Your copy should hold the lines below from the first through the one that contains "Plastic Bottles, 100", each retyped exactly, and no pictures.

■ **DATA SHOWN**:
>>>
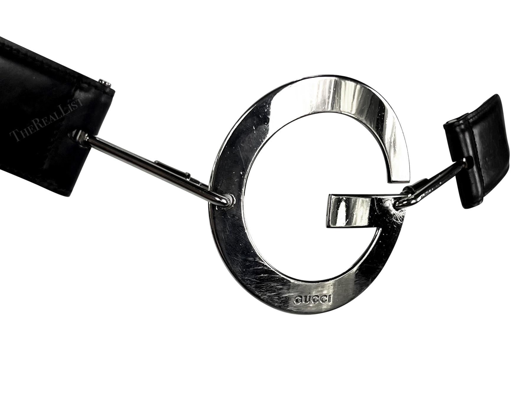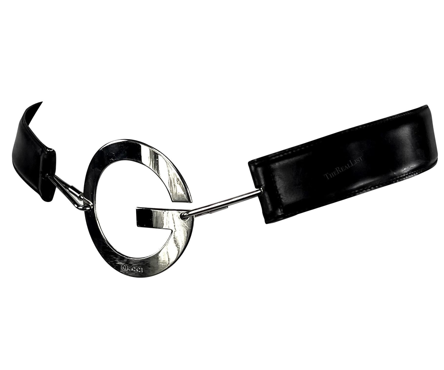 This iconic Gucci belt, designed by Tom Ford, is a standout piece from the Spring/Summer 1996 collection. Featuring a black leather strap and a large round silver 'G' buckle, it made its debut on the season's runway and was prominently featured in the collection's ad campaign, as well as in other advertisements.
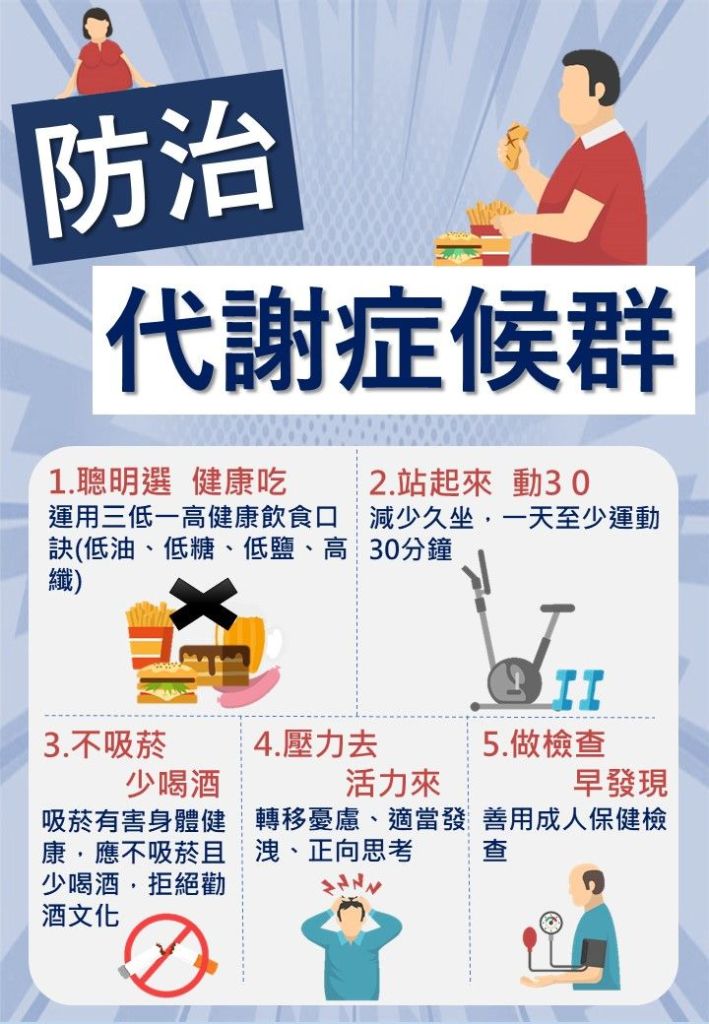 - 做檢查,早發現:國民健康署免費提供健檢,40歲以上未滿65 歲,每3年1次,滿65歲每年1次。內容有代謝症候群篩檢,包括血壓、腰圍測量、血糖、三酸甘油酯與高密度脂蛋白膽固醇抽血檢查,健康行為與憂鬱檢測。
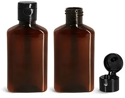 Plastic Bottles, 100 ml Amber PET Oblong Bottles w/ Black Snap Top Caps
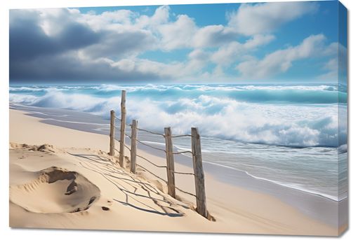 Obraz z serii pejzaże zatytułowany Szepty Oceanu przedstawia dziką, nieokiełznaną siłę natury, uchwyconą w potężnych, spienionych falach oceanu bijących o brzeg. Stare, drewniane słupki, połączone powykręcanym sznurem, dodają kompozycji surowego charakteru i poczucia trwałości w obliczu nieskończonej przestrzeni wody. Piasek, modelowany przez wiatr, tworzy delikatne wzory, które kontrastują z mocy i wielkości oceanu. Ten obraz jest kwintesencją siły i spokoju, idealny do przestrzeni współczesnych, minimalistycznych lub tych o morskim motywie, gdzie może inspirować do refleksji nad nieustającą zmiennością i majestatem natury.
<<<
■ **PROBLEM SOLUTION**:
 This iconic Gucci belt, designed by Tom Ford, is a standout piece from the Spring/Summer 1996 collection. Featuring a black leather strap and a large round silver 'G' buckle, it made its debut on the season's runway and was prominently featured in the collection's ad campaign, as well as in other advertisements.
 - 做檢查,早發現:國民健康署免費提供健檢,40歲以上未滿65 歲,每3年1次,滿65歲每年1次。內容有代謝症候群篩檢,包括血壓、腰圍測量、血糖、三酸甘油酯與高密度脂蛋白膽固醇抽血檢查,健康行為與憂鬱檢測。
 Plastic Bottles, 100 ml Amber PET Oblong Bottles w/ Black Snap Top Caps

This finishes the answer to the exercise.